AI First como prioridade estratégica em arquitetura de software

Nos últimos tempos, “AI First” se tornou uma daquelas frases que aparecem em apresentações corporativas, posts do LinkedIn e roadmaps tecnológicos. E como costuma acontecer com os termos da moda, foi se distorcendo até se transformar em algo que muitos repetem sem entender totalmente o que significa.

Há quem o interprete como “vamos colocar IA em tudo o que fazemos.” Outros o veem como uma estratégia isolada e única, quase como um departamento separado que vive em sua própria bolha. E alguns poucos o entendem pelo que realmente é: uma estratégia de priorização que deve conviver com todas as outras estratégias da organização.

Neste post quero esclarecer o que é realmente AI First, como ele se relaciona com outras estratégias “First” que já conhecemos, e por que o papel do arquiteto de software é fundamental para que tudo isso não se torne um caos.

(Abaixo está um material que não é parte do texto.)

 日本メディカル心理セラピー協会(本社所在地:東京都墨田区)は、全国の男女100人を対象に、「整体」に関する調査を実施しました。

O que “First” realmente significa?

Antes de falar de AI First, vamos falar do sufixo “first.” Quando dizemos que algo é “first” não estamos dizendo que é a única coisa que importa. Estamos dizendo que é a primeira coisa a considerar ao tomar decisões de design e arquitetura.

“Mobile First” não significa que o desktop não importa. Significa que projetamos pensando primeiro no mobile e depois adaptamos. “Cloud First” não significa que tudo precisa estar na nuvem de qualquer forma, mas sim que a nuvem é a primeira opção a avaliar antes de considerar alternativas on-premise; pensar cloud native primeiro.

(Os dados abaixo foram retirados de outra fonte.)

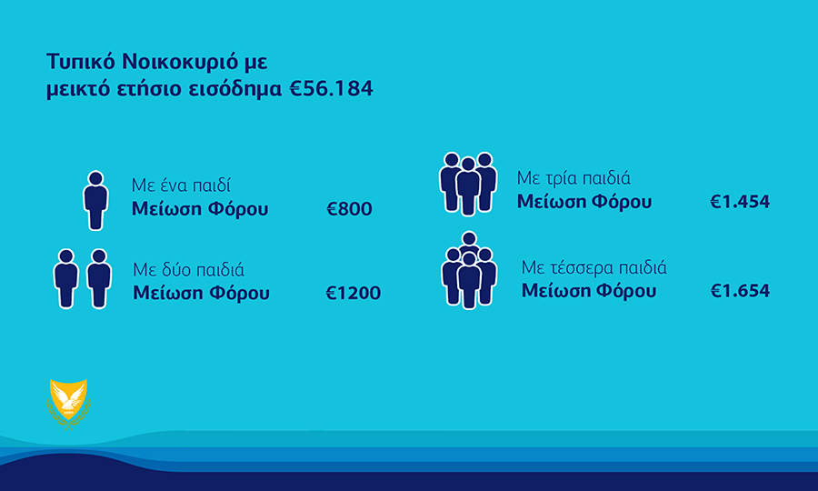 Η κ. Ανδρέου είπε ακόμη ότι για ένα τυπικό νοικοκυριό που έχει δύο εργαζομένους και δύο παιδιά, οι φορολογικές εκπτώσεις θα ανέρχονται μέχρι €5.500 και στις πιο πολλές περιπτώσεις αυτό οδηγεί σε μείωση φόρου που θα είναι περισσότερες από τις €5.000 αφορολόγητο.

Então, AI First é uma prioridade, não uma declaração de exclusividade. O “first” indica sua posição dentro de uma classificação de estratégias, mas não implica que as demais prioridades deixem de ser relevantes. Ou seja, “primeiro que…” e não “em vez de…”

O problema de ter prioridades demais

Aqui vem a armadilha mais comum: se tudo é prioridade, nada é prioridade. Já vi organizações que se declaram simultaneamente AI First, Data First, Customer First, Security First, Cloud First, Mobile First, API First, Privacy First e outras. O resultado é previsível: quando surgem decisões difíceis onde essas prioridades colidem entre si, ninguém sabe o que pesa mais.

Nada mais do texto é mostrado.